Saturday, April 2 at 2:00 p.m. and 7:00 p.m.
Sunday, April 3 at 2:00 p.m.
A play grappling with racial issues in the West Michigan area, “LINES:The Lived Experience of Race 2016” is showing this weekend, April 1-3, 2016 at the Wealthy Theatre. Actors will be performing the actual experiences and words of local community members. An updated version of the play produced in 2010 by ADAPT. Theater Company, this new version incorporates more local artists.
Theodore Ndawillie II, known as Theodore Janga from Vox Vidorra, a Grand Rapids based indie/soul quartet, wrote the score for the play. Ndawillie got involved when his former composition teacher, David Fuentes, reached out to him saying he wanted someone with more percussion experience to collaborate on the all-percussion score.
Ndawillie points out that this play talks about race in a way that’s different from other converstions in the area.
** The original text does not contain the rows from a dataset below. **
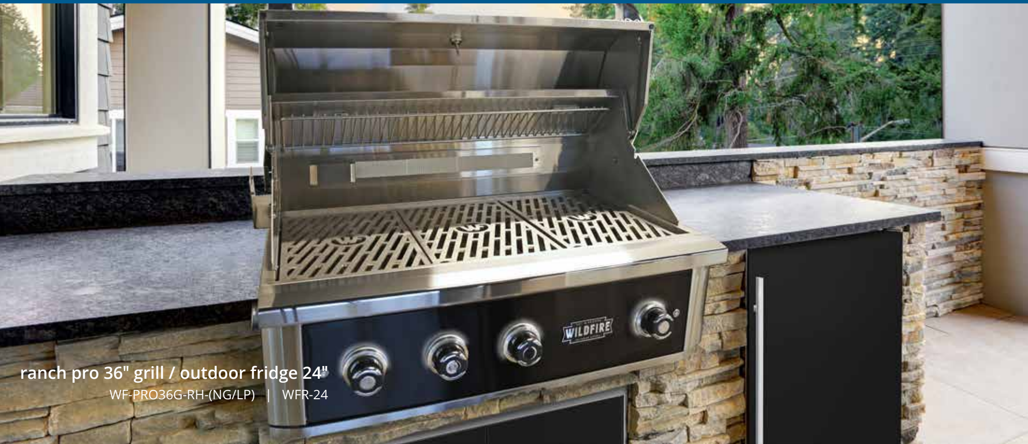
ranch pro 36" grill / outdoor fridge 24"

Reach for a cold drink or store fresh food; our fridge and ice chest add function and style to your outdoor kitchen..
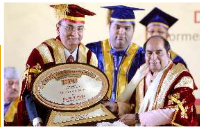
Felicitation of Dr. D. Y. Patil Former Governor of Bihar
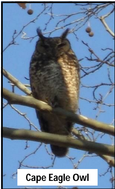
Cape Eagle Owl
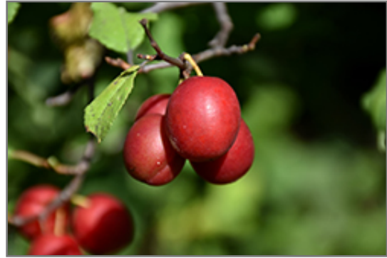
Toka Plum fruit

Toka Plum is blanketed in stunning clusters of fragrant white flowers along the branches in early spring before the leaves. It has forest green deciduous foliage. The pointy leaves turn yellow in fall. The fruits are showy crimson drupes carried in abundance in late summer. The fruit can be messy if allowed to drop on the lawn or walkways, and may require occasional clean-up.
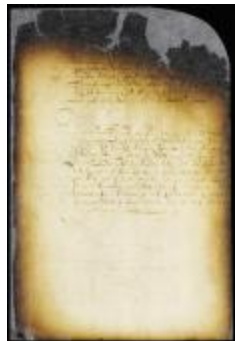
Order granting the petition of the magistrates of Midwout (NYSA_A1809-78_V08_0405)
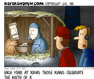
EACH YEAR AT XMAS THOSE XIANS CELEBRATE THE BIRTH OF X

When asked why she had such a long password, the employee rolled her eyes and said: "Hellooo! It has to have at least eight characters and include at least one capital."
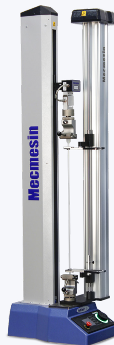
▲ MLTE 1200 mounted on MultiTest-dV 0.5 kN
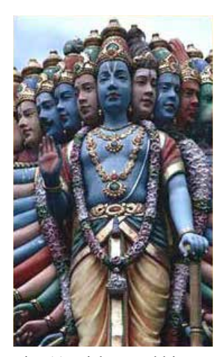
Fig. 11. Vishnu and his avatar.
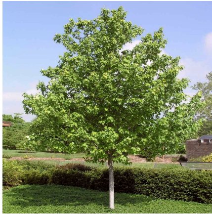
MAPLE (3) 6-8" CALIPER
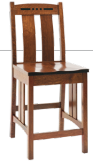
24" or 30" High Base Stationary Bar Chair 18"w x 16 3/4"d x 19 1/4"h Back Ht.
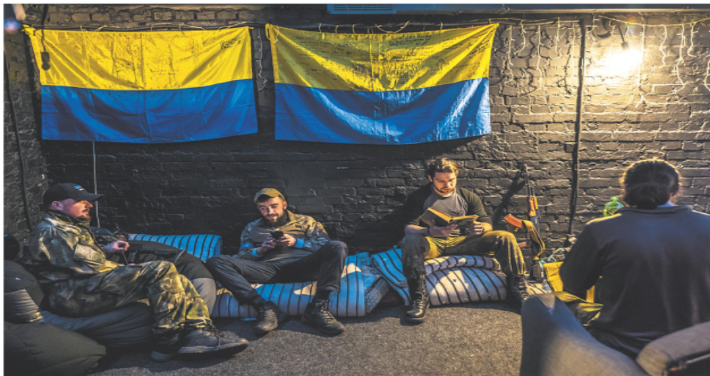
Ukrainian soldiers in Kyiv after fighting on the front lines north of the capital Monday. Shelling continued in Irpin, a Kyiv suburb.
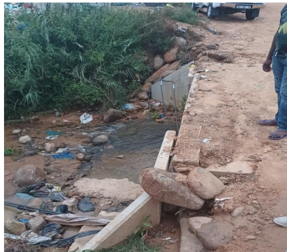
Figure 2-Horizontal movement of the structure
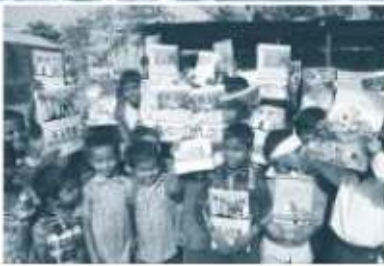
Top: Distribution of cycles. Bottom: Relief camp kids with their new notebooks ready for school
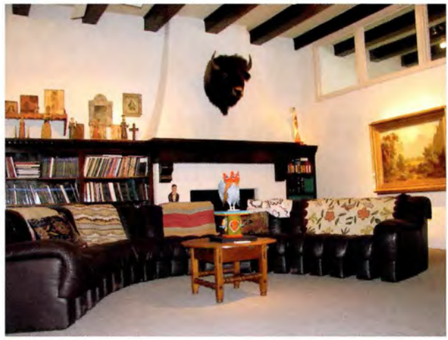
19 The interior of Owings-Dewey Fine Art, which grew in 2000 to include an additional exhibition space two blocks from the main gallery.
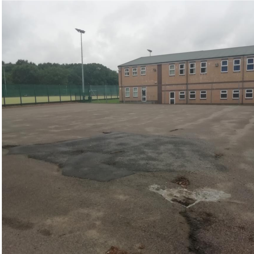
Entrance (Year 11)
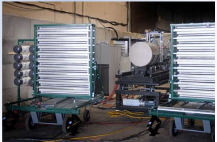
The PITAS system was developed for the Defense Threat Reduction Agency by INL and Idaho State University engineers.
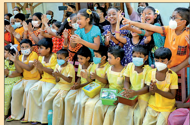
Vidura College, Kelaniya held their Avurudu Festival on April 7, 2022.
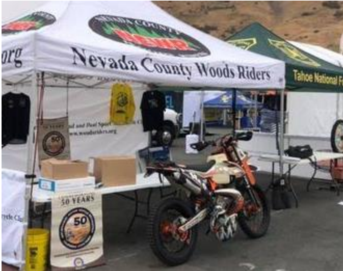
NCWR Booth at IMS Show in Sonoma
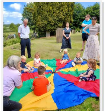
Benefice Baptism Party at St John's

The churchyard surrounds the church and has received good attention from mowers, tidy-uppers and the replacement of a rotten gate which we now call 'The Coronation Gate'. Tightening up of churchyard rules has been met with some resistance but people are enjoying noticeable improvements. A new memorial wall has been in the pipeline for the past three years to bring much needed order to burial of ashes in our Garden of Remembrance.
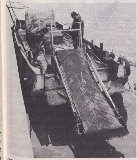
The "slick-licker" mops up oil.

At the Defence and Civil Institute of the Environmental Medicine (DCIEM) in Toronto, work on freeze-drying of foods has contributed to today's availability of camping and travel foods which don't need refrigeration, have long shelf-life and minimum weight and bulk.
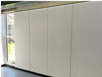
Figure 5: Example of RAAC on internal wall face
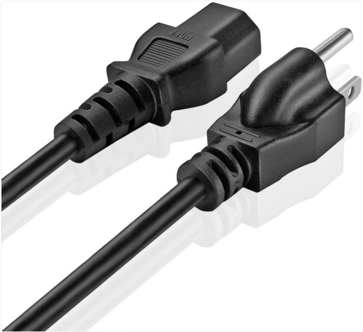
Figure 2: Side view of the OMNIHIL AC Power Cord, highlighting the cable and connectors.
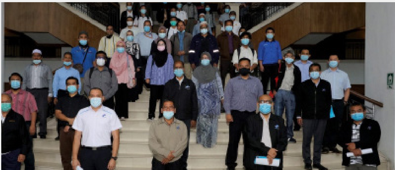
Attendees of the 31st MSNT AGM

MSNT has dutifully held the 31st Annual General Meeting (AGM) on 12 August 2020. The AGM was planned to be held on 18 April 2020 but was postponed due to Covid-19 pandemic. Over 50 members attended this meeting including the Board of Directors. During the AGM, a few issues were discussed and the Board of Directors for the term 2020-2022 were elected.
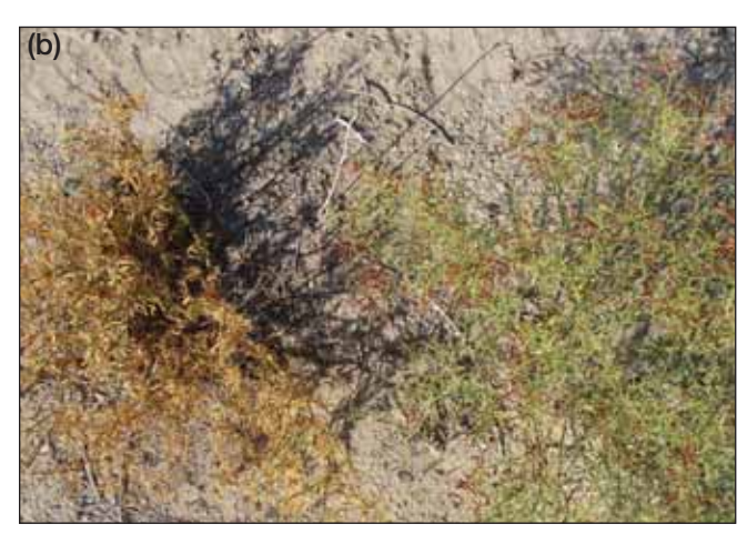
Figure 3. Evidence of environmental change. (a) The Uzbek Ustyurt Plateau in late winter. Winter temperatures have trended upward over the past 30 years. (b) Alhaji spp (right), an excellent livestock forage crop, alongside Piganum spp (left), a poor forage crop and an indicator of rangeland degradation.

throughout their winter range will likely continue. Therefore, while the offset would not promote additional biodiversity, it would prevent impacts from multiple sources unrelated to oil and gas activities, thereby avoiding potentially substantial projected losses.
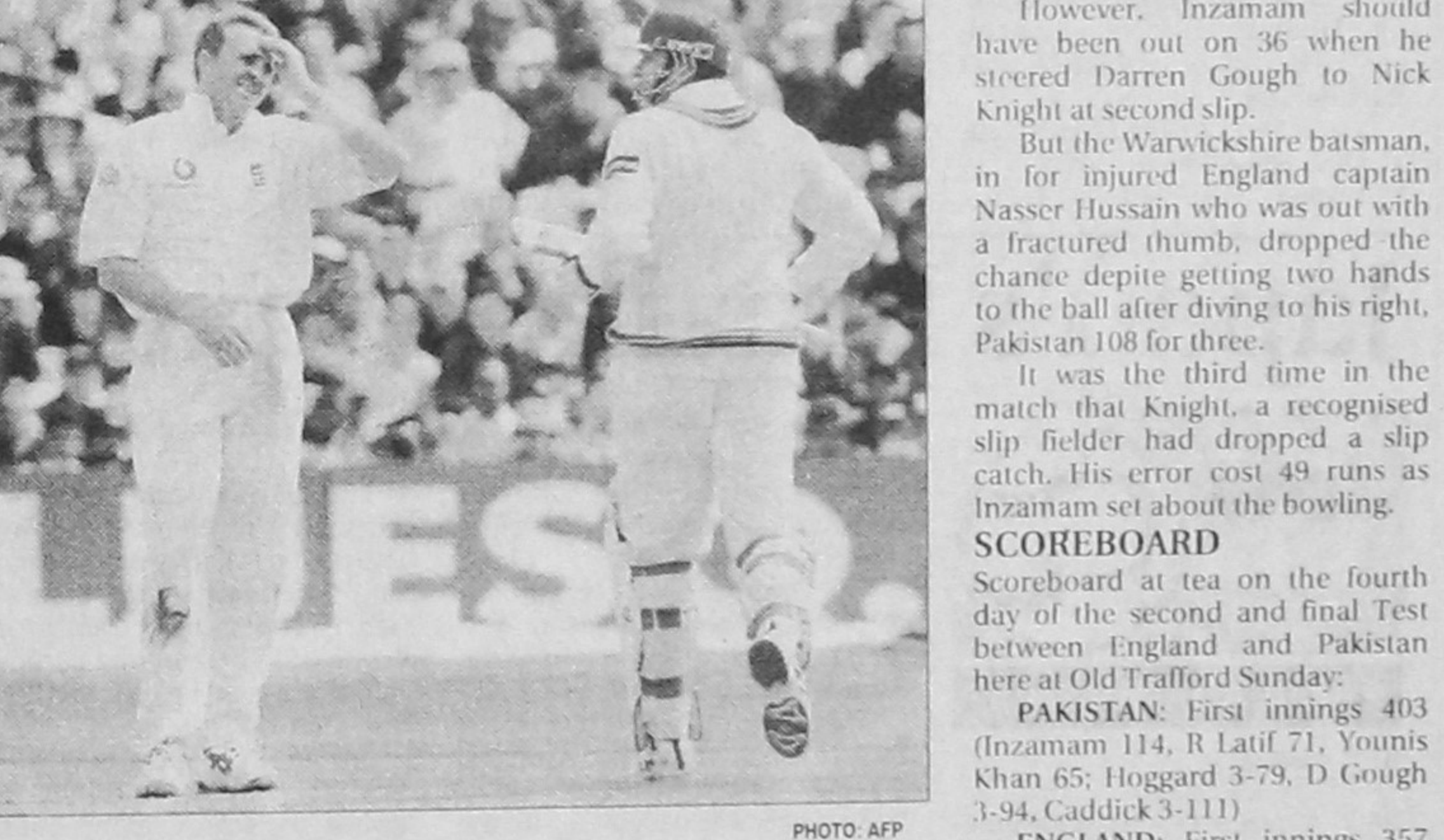
England paceman Dominic Cork contemplates a close call as Inzamamul Haq sets off for a run in Manchester yesterday.

“Because the play is written and composed in such a way that privileged people in society might become empathetic to the unrelenting nature of racial problems people of color experience every day. It's abrasive in different ways. Some people told me they were overwhelmed by the amount of information thrown at them in that amount of time, and to my mind, that is a wonderful representation of how overwhelming racial issues are for people of color by default. LINES is written in a genre called 'verbatim theatre', a documentary-style of theatre in which the playwright, Stephanie Sandberg, interviews members of a group about a particular subject, and the actors speak the interviewees responses verbatim as the spoken lines of the play.”
The performances are made possible by LowellArts!, Michigan Humanities Council, Michigan Council for Arts and Cultural Affairs and the National Endowment for the Arts.
Ndawillie notes that the show is important to him for a number of reasons, "Music is how I make my living, getting the experience of scoring the music for a theatre piece, and most importantly the subject matter is very near and dear to my heart. While there is a lot of contention, the conversation on racial issues in this country is the farthest progressed the world has ever seen (even though it might not feel that way sometimes). LINES aims to urge that conversation forward strongly, smartly, getting the smallest voices heard by the biggest, and most importantly, to urge people to action.
Ndawillie emphasizes how important is it for West Michigan neighbors to talk about racial divisions in the area.
"It's not everyday you get a performance art piece as elaborate as this, based on actual members of your own community. And it's ever so important that everyone be involved in the conversation on race in America. If everyone isn't involved, we won't have peaceful change."